• _EXERCISE_: Reproduce, character for character, the lines below from the first through the one with "MediPhylamin 500mg là". Leave pictures out.

• _DATASET SECTION_:
----------------------------------------

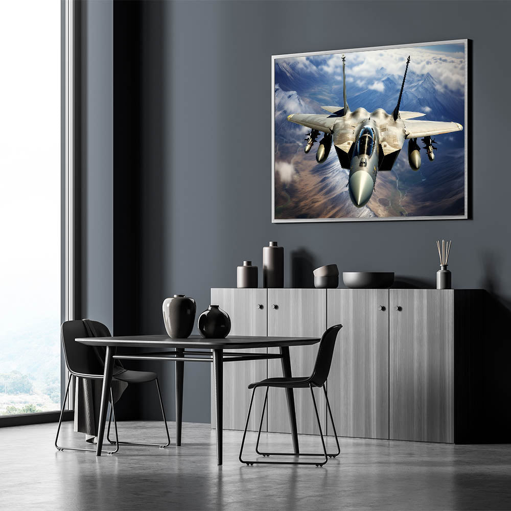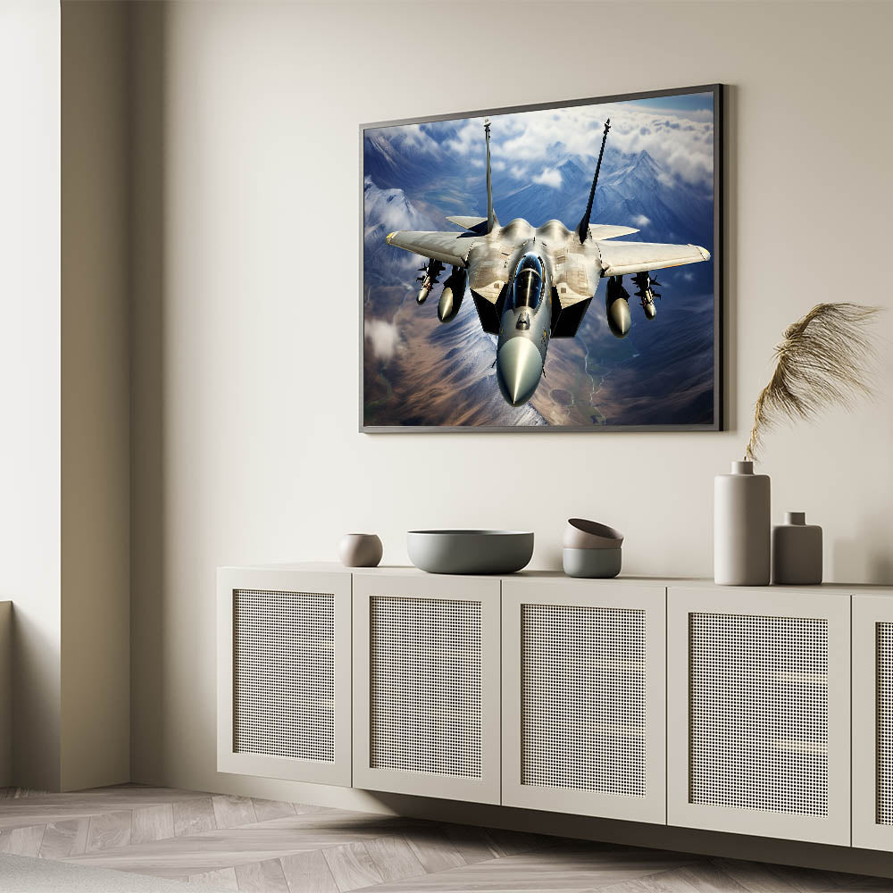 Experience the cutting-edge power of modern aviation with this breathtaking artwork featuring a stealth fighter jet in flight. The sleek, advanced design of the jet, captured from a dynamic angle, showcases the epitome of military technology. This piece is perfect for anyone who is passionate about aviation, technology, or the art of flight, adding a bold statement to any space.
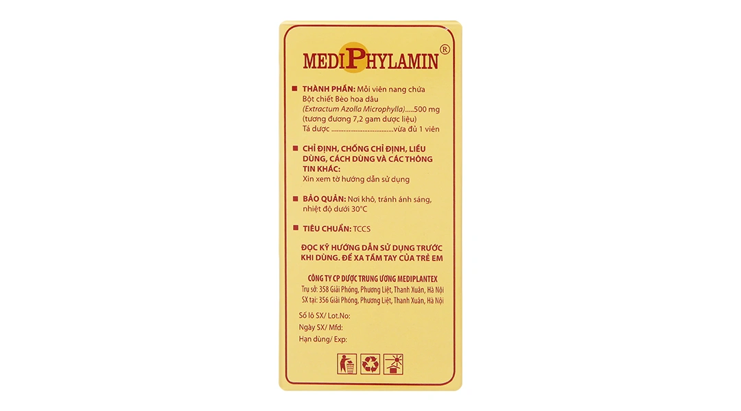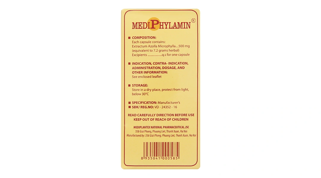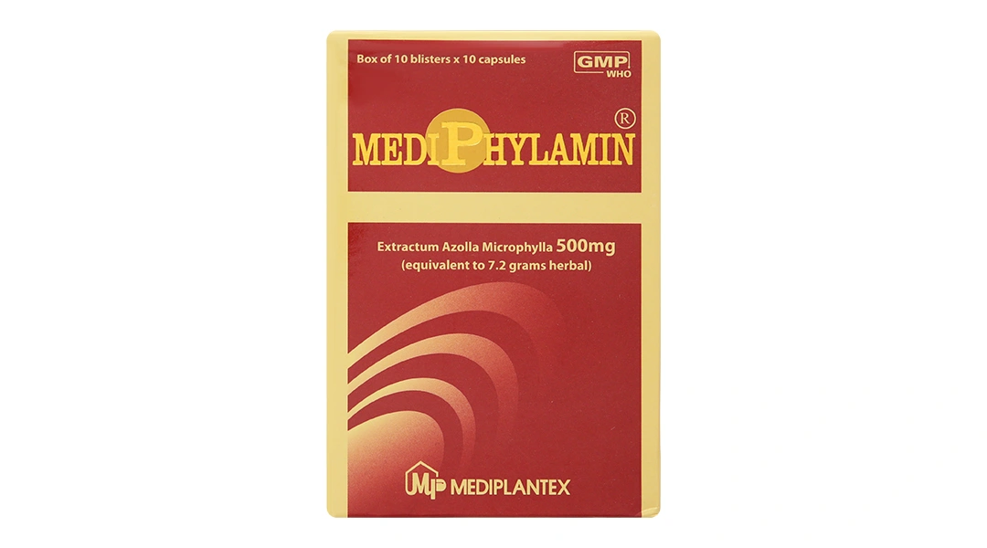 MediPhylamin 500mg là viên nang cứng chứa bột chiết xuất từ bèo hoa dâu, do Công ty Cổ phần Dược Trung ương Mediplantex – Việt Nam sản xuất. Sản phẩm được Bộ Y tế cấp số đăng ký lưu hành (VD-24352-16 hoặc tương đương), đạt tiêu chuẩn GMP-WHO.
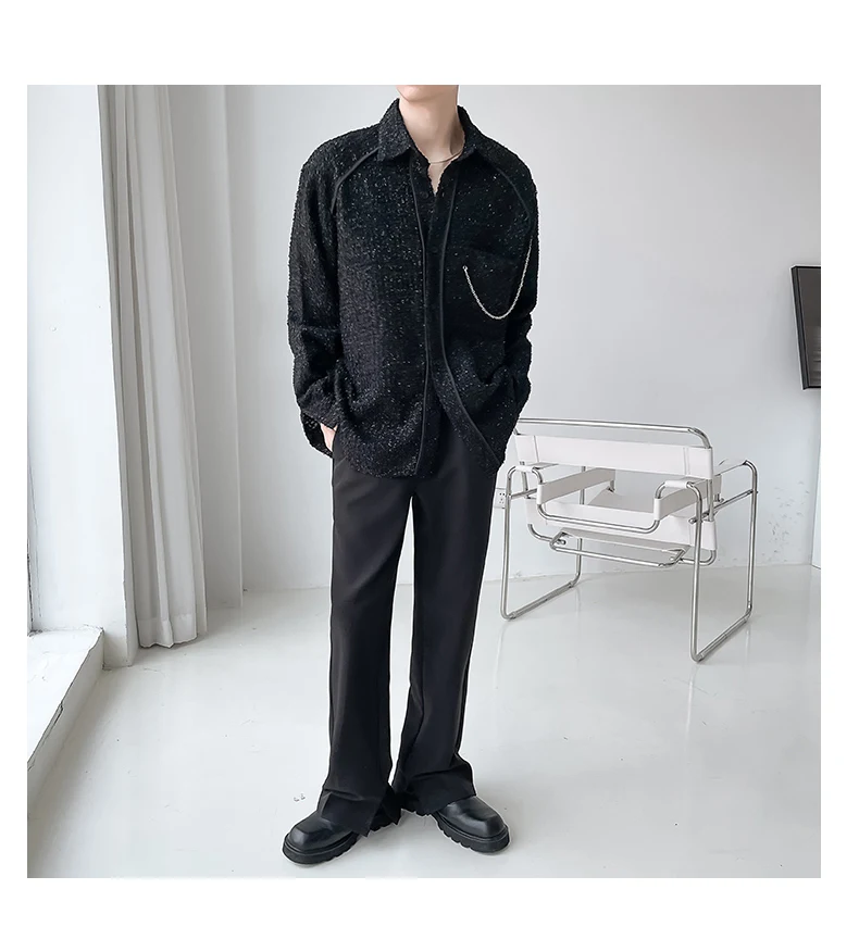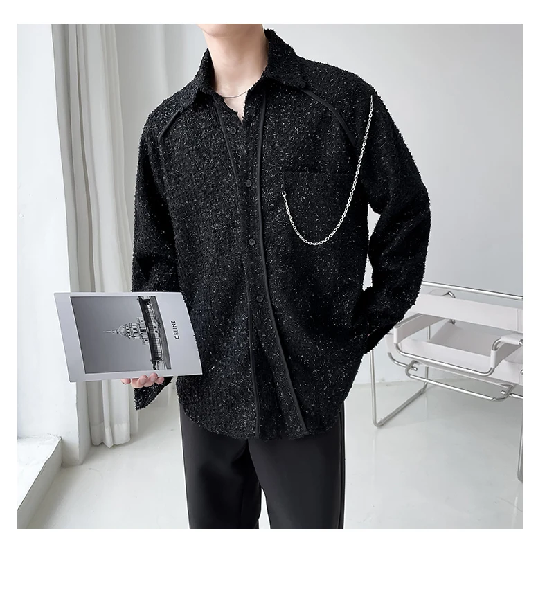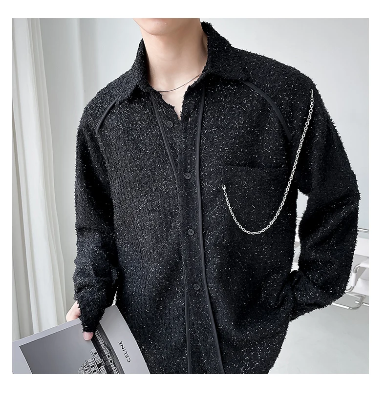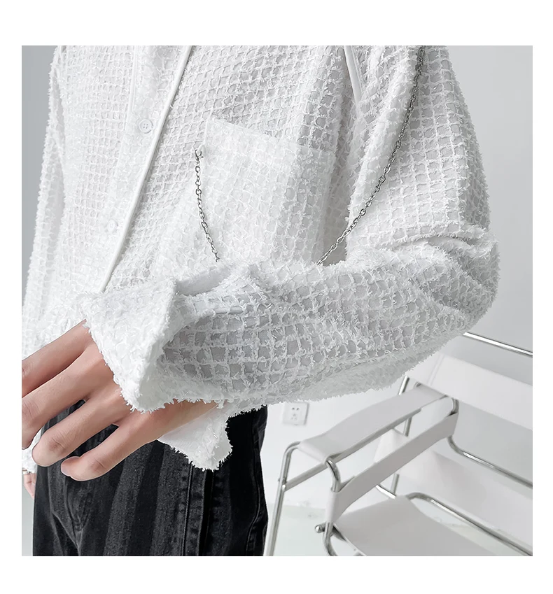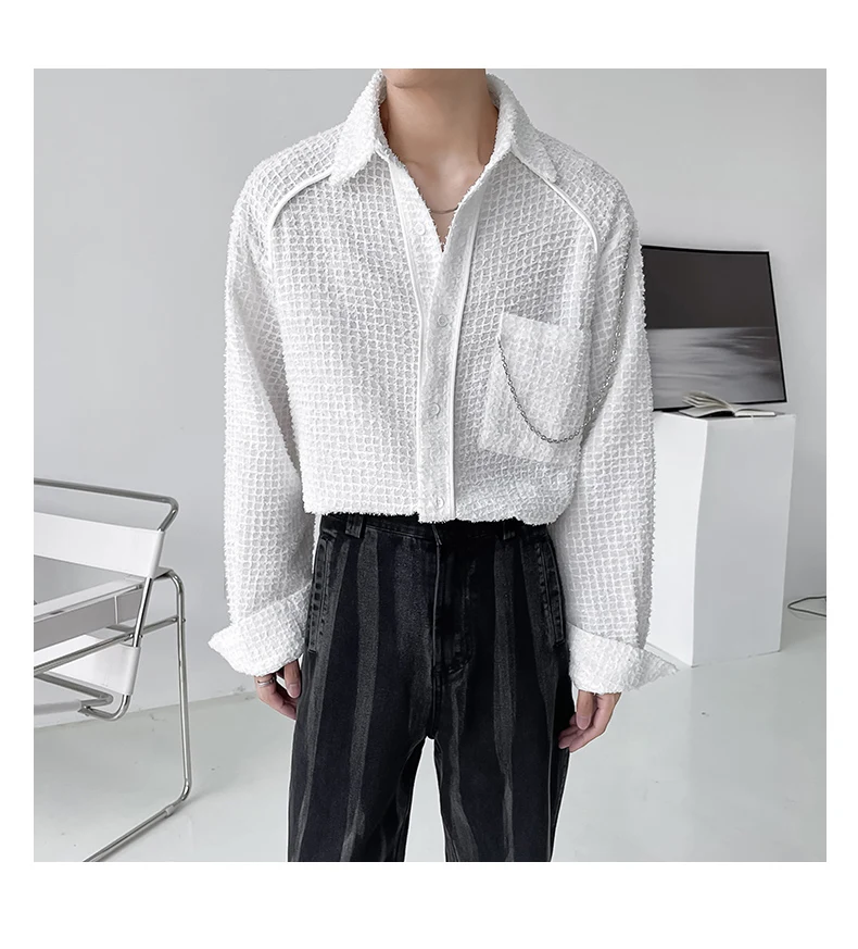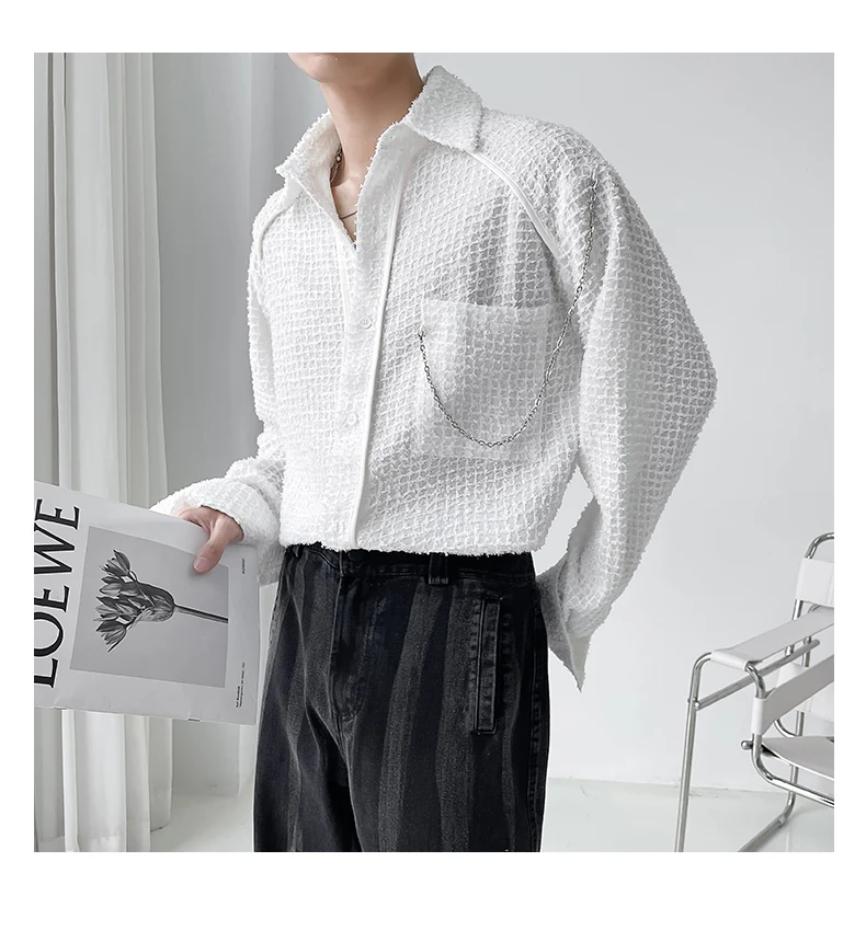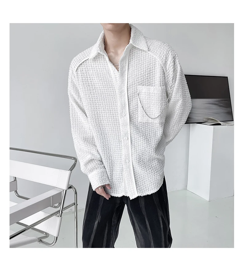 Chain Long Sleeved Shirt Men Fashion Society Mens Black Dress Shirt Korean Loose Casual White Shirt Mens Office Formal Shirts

----------------------------------------

• _COMPLETED TASK_:
 Experience the cutting-edge power of modern aviation with this breathtaking artwork featuring a stealth fighter jet in flight. The sleek, advanced design of the jet, captured from a dynamic angle, showcases the epitome of military technology. This piece is perfect for anyone who is passionate about aviation, technology, or the art of flight, adding a bold statement to any space.
 MediPhylamin 500mg là viên nang cứng chứa bột chiết xuất từ bèo hoa dâu, do Công ty Cổ phần Dược Trung ương Mediplantex – Việt Nam sản xuất. Sản phẩm được Bộ Y tế cấp số đăng ký lưu hành (VD-24352-16 hoặc tương đương), đạt tiêu chuẩn GMP-WHO.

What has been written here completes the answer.